===== Provided data =====

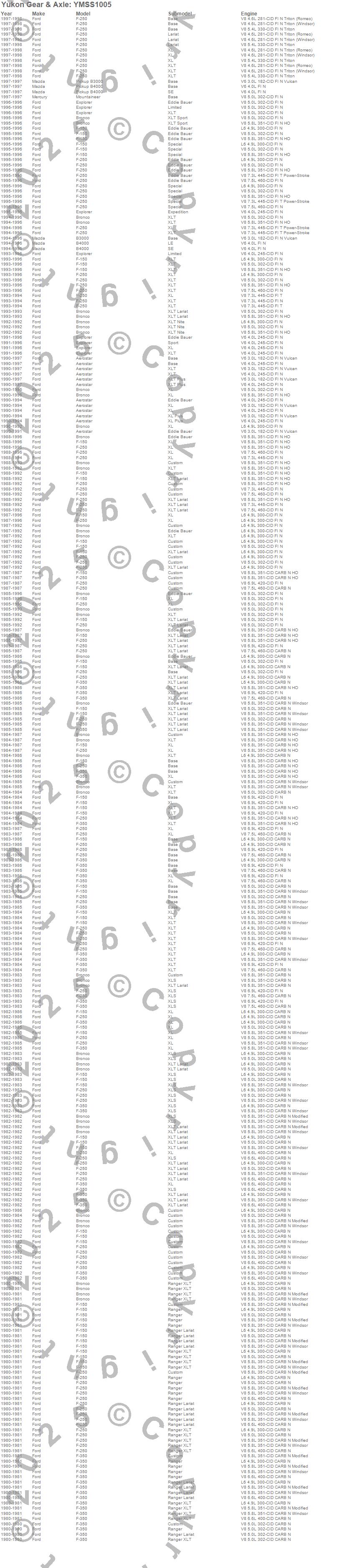 Below is an abreviated list of applications for the Yukon Mighty Axle Seal.
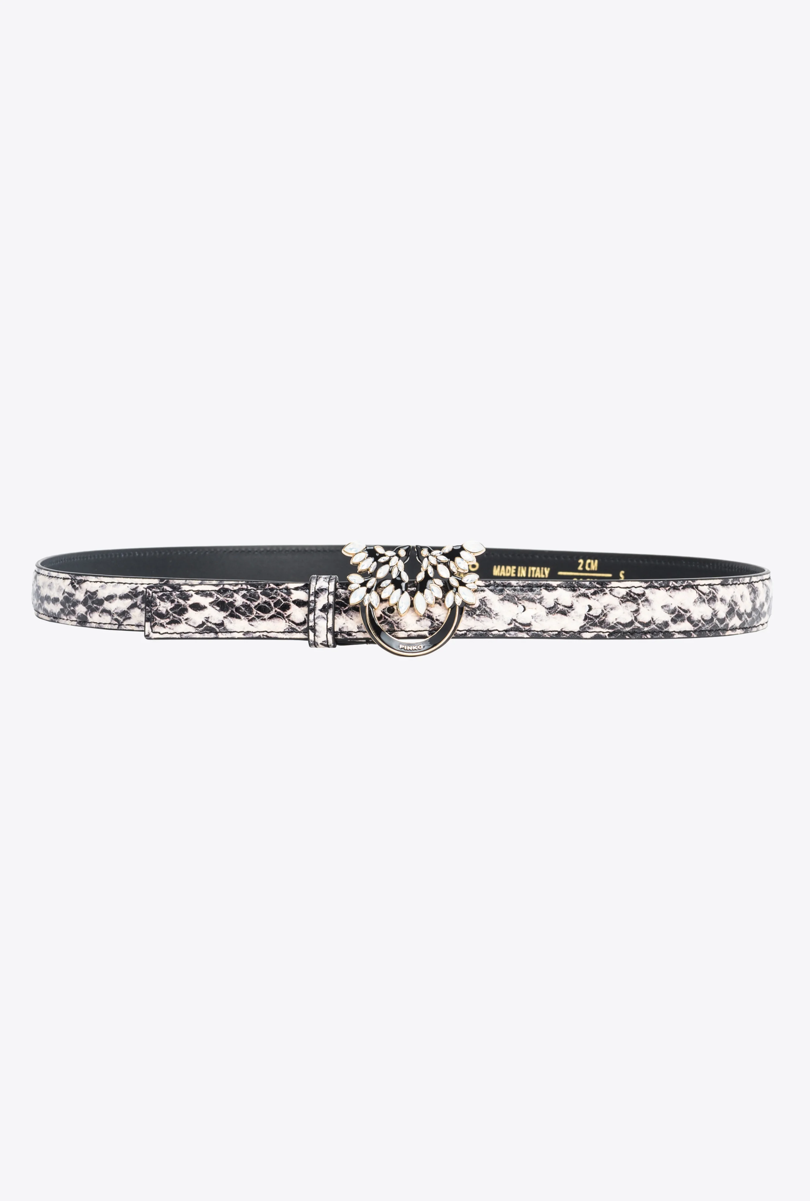 PINKO GALLERIA THIN 2CM REPTILE-PRINT BELT WITH LOVE BIRDS BUCKLE
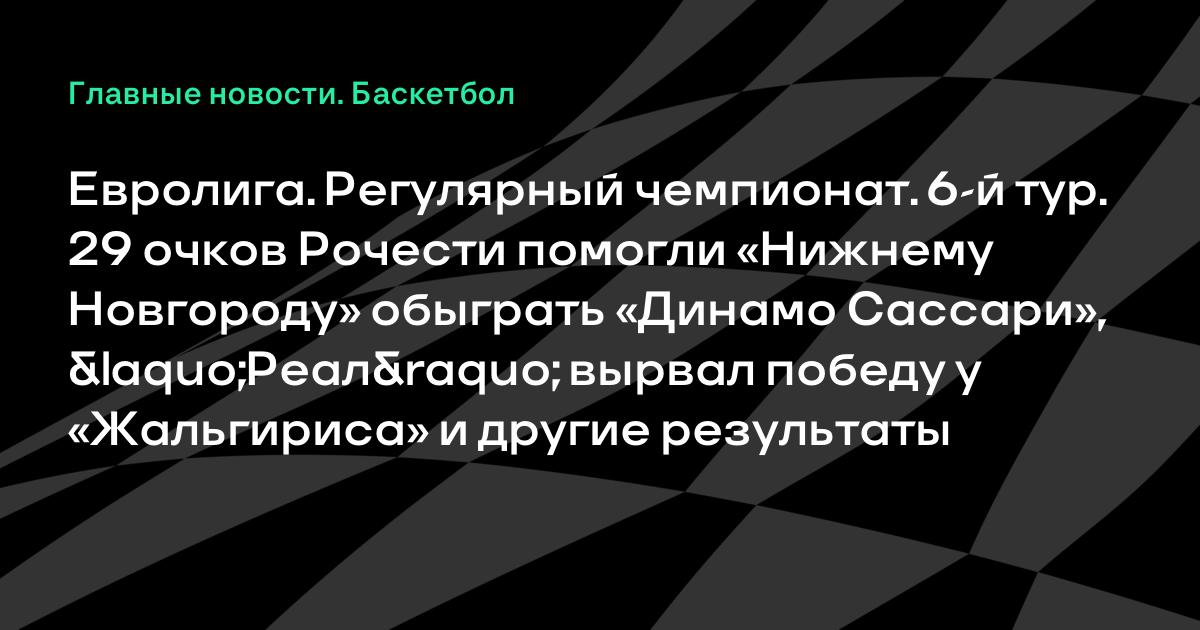 Евролига. Регулярный чемпионат. 6-й тур. 29 очков Рочести помогли «Нижнему Новгороду» обыграть «Динамо Сассари», «Реал» вырвал победу у «Жальгириса» и другие результаты

=====

What the exercise asks:
Leaving each image aside, repeat the listing above exactly.

Reply:
 Below is an abreviated list of applications for the Yukon Mighty Axle Seal.
 PINKO GALLERIA THIN 2CM REPTILE-PRINT BELT WITH LOVE BIRDS BUCKLE
 Евролига. Регулярный чемпионат. 6-й тур. 29 очков Рочести помогли «Нижнему Новгороду» обыграть «Динамо Сассари», «Реал» вырвал победу у «Жальгириса» и другие результаты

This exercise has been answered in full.